Quelle est la journée-type pour un marbrier ?

Il n’y a pas de journée type, chaque jour dépend de l’activité et des visites.

Y-a-t-il un événement qui vous a marqué pendant votre carrière ?

Oui. J’ai été appelé pour des travaux de marbrerie, et le jour du rendez-vous avec la famille, la femme qui avait demandé les travaux s’est levée, et m’a montré la photo du défunt en me disant « regardez comme il est beau, mon fils ». C’est en voyant la photo que j’ai réalisé, qu’il s’agissait d’un enfant de 10 ans. Je n’étais pas au courant, je pensais qu’elle allait enterré un de ses parents, voir son mari, mais je ne m’attendais pas à ce que ça soit son fils. Les enterrements des enfants c’est le plus dur, on ne s’y habitue pas. On est obligé de se mettre à la place du papa ou de la maman.
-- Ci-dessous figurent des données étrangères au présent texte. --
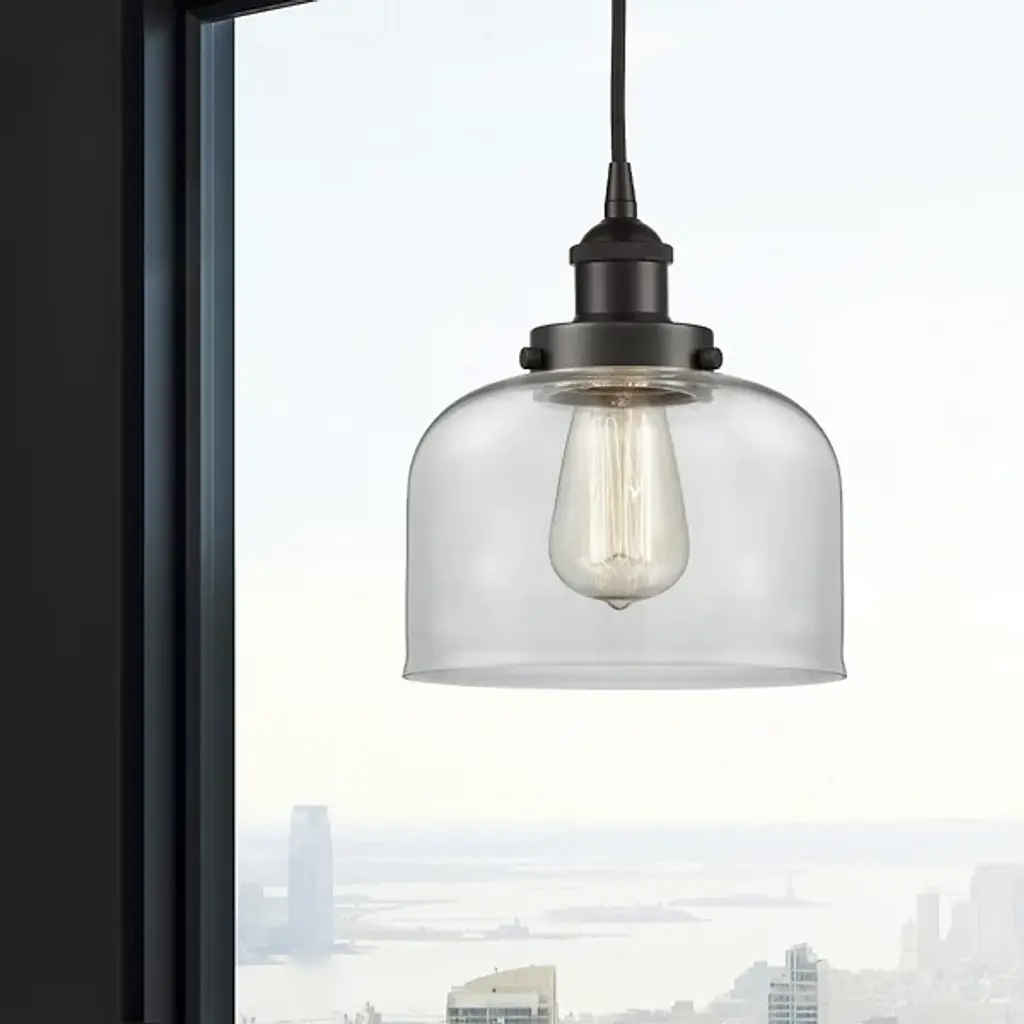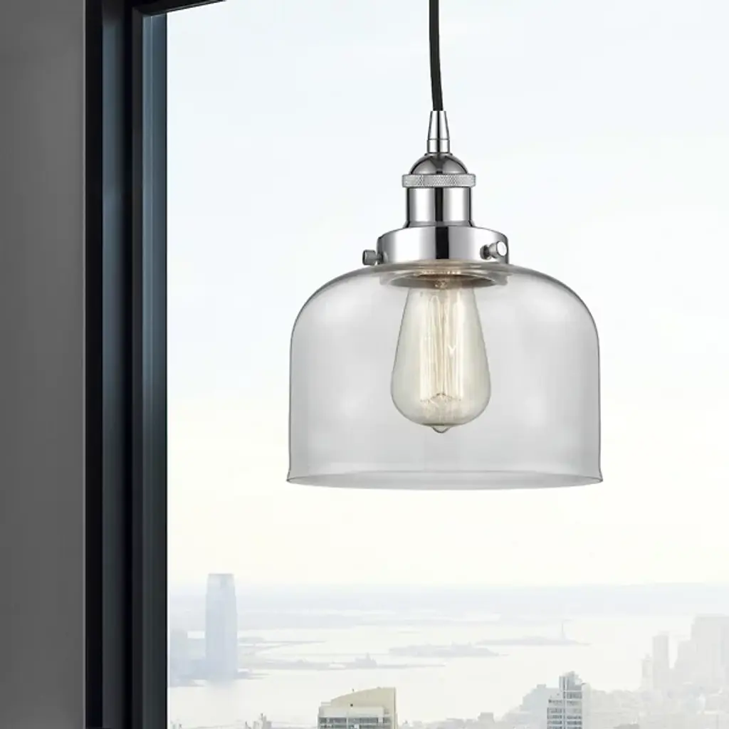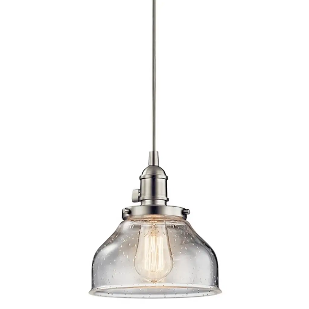 An industrial-inspired design, the Mandele Pendant by Alder & Ore combines utilitarian simplicity with the elegance of a skirted glass bell shade. The stem-hung mini pendant makes a statement as a pair of bedside lights in a contemporary bedroom or as a single light above a small kitchenette. In a modern rustic kitchen, a row of these cool kitchen pendant lights brings warm ambient light above a kitchen island or dining counter.
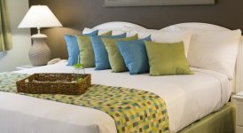 The Hotel units sleep 2 and have a bath, a king-size bed, microwave oven, cable television and coffee maker, but do not have a washer/dryer. 1 bedroom sleeping 4 have 1 bath, 1 double, queen or king bed and 1 sofa bed. 1 bedroom units sleeping 6 have 1 bath, 1 king bed and 2 sofa beds. 2 bedroom units sleeping 6 have either 1 3/4 or 2 baths and varying bed sizes. All units have air-conditioning, cable television, switchboard telephone and microwave oven.
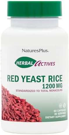 Natures Plus Herbal Actives Red Yeast Rice – 1200 mg, 60 Vegan Capsules – Maximum Potency Herbal Supplement, Cholesterol Support – Vegetarian, Gluten-Free – 30 Servings
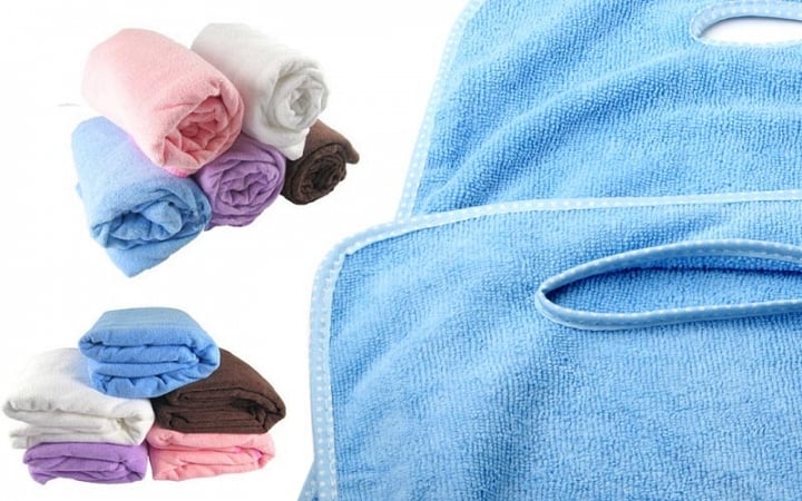 Με 3 απλές κινήσεις, μετατρέπεται σε ένα πρακτικό φόρεμα με το οποίο μπορείτε να κάνετε την υπόλοιπη περιποίηση του σώματός σας, όπως να στεγνώσετε τα μαλλιά σας, να βάλετε κάποια ενυδατική κρέμα ή να βαφτείτε για την βραδινή σας έξοδο χωρίς να λερώσετε τα ρούχα σας!

Que diriez-vous à quelqu’un qui veut faire votre métier ?

C’est un métier plaisant et sympa, il faut être commerçant, patient et gentil. En fait, il faut vraiment aimer ce métier pour le faire, c’est vrai que c’est un métier particulier. Il faut beaucoup aimer le contact avec les gens, savoir les écouter, leur apporter du réconfort. C’est un peu comme si ces personnes étaient des gens de votre famille. Ca n’est pas donné à tout le monde. Il faut « être dans la partie » comme on dit.

Est-ce qu’être au contact de la mort ça a changé votre vision de la vie ?

Non. Non parce qu’il faut l’accepter. Je crois au destin, si c’est pas aujourd’hui ça sera demain, et on ne peut rien y faire. On attends la mort et quand elle viendra elle viendra, il ne faut pas en avoir peur.